Here’s how to repay developing countries for colonialism – and tackle the climate crisis | Michael Franczak and Olúfẹ́mi O Táíwò
AActivists who demand global reparations for colonialism and slavery are often accused of asking for the politically impossible. Internationally, however, reparations are more plausible than one might think. Indeed, an international mechanism to transfer resources to the formerly colonized world in a politically feasible way already exists: the policy instrument of “special drawing rights” (SDRs) managed by the International Monetary Fund.
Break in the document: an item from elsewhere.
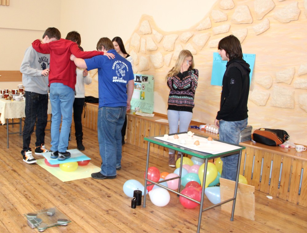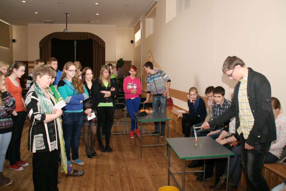 Uzaicinājumam atsaucās 4 skolas: Aizkraukles novada ģimnāzija, Aizkraukles 1. vidusskola, Seces pagasta pamatskola un Neretas Jāņa Jaunsudrabiņa vidusskola, kā arī divas mūsu skolas komandas. Daugavpils Universitātes Bioloģijas fakultātes darbinieki skolēniem saistoši pastāstīja, kā savu aizrautību kādā no zinātnēm var pārvērst par profesionālu nodarbošanos. Tālāk sekoja pati interesantākā daļa- katras skolas komanda demonstrēja citiem savu mājasdarbu- iepriekš sagatavotu eksperimentu. Līdzsvarojot spēkus, ola nesaplīst zem 10 kg smaguma, arī balons var noturēt cilvēka svaru. Vai parafīns var pats uzliesmot telpā? Tas katram jāredz pašam!

Calls to change the allocation of SDRs are not new, nor is the idea that SDRs could function as reparations for transatlantic slavery and colonialism. Professor Cynthia L Hewitt of Morehouse College championed exactly this strategy as early as 2004. What is new is the political possibility opened up by growing awareness of the global climate crisis, which requires solutions that are not only practical but historically correct. . The reallocation of SDRs, as Barbadian Prime Minister Mia Mottley suggested in her “scathing” speech at Cop26, is both.
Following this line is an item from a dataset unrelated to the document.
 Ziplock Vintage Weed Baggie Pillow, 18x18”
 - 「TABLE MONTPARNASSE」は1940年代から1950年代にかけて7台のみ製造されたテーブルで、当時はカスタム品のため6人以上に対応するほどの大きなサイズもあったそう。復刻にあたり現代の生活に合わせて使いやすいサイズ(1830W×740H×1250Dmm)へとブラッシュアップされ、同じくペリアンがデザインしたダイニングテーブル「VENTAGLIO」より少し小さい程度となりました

Introduced in 1969, SDRs are essentially “IMF coupons” distributed to central banks or national treasuries around the world, who can either hold them or exchange them with other member countries for cash. “Adding SDRs to a country’s international reserves makes it more financially resilient,” says the IMF. “In times of crisis, a country can dip into its savings for urgent needs (for example, to pay for importing vaccines).”
Unfortunately, the general allocation of SDRs is unfair and inefficient. It is not a coincidence. At the 1944 Bretton Woods conference, 44 nations “negotiated” plans for the IMF and World Bank, but only two counted: the United States and the United Kingdom, with the latter ranking far behind. The allocation of quotas was decided by wartime politics, as Raymond Mikesell, the author of the “formula”, explained 50 years later. No European country expected to lose its empire; The presence of India as the only colony was the exception proving the rule.
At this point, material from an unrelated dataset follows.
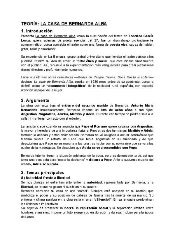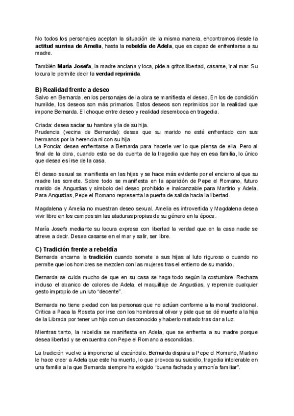 Aquí os dejo explicados todos los personajes, temas y estilo de la Casa de Bernarda Alba + un resumen más corto de todo

Two decades later, dozens of new countries in Africa and Asia had achieved political independence from Britain, France and others. In the mid-1960s, Third World countries dominated the UN General Assembly, but the “economic decolonization” they sought was impossible without equal representation in global economic governance – the IMF created a whole new “African department” to manage the overflow. It is in this context that the SDRs were born.
“In 1965, when serious discussions about the creation of the SDR began, a group of experts…argued that SDRs should be allocated with a view to meeting the development needs of newly independent countries,” explains the historian Economics Barry Eichengreen. As the former colonial powers and the United States enjoyed a “golden age” of fossil fuel-fueled capitalism, inequality between rich and poor countries reached new heights. According to some, SDRs would allow poor countries to prioritize development that colonialism had denied, without risking massive capital flight or default. “But when the SDRs were issued in 1970, they were allocated in proportion to IMF member quotas.”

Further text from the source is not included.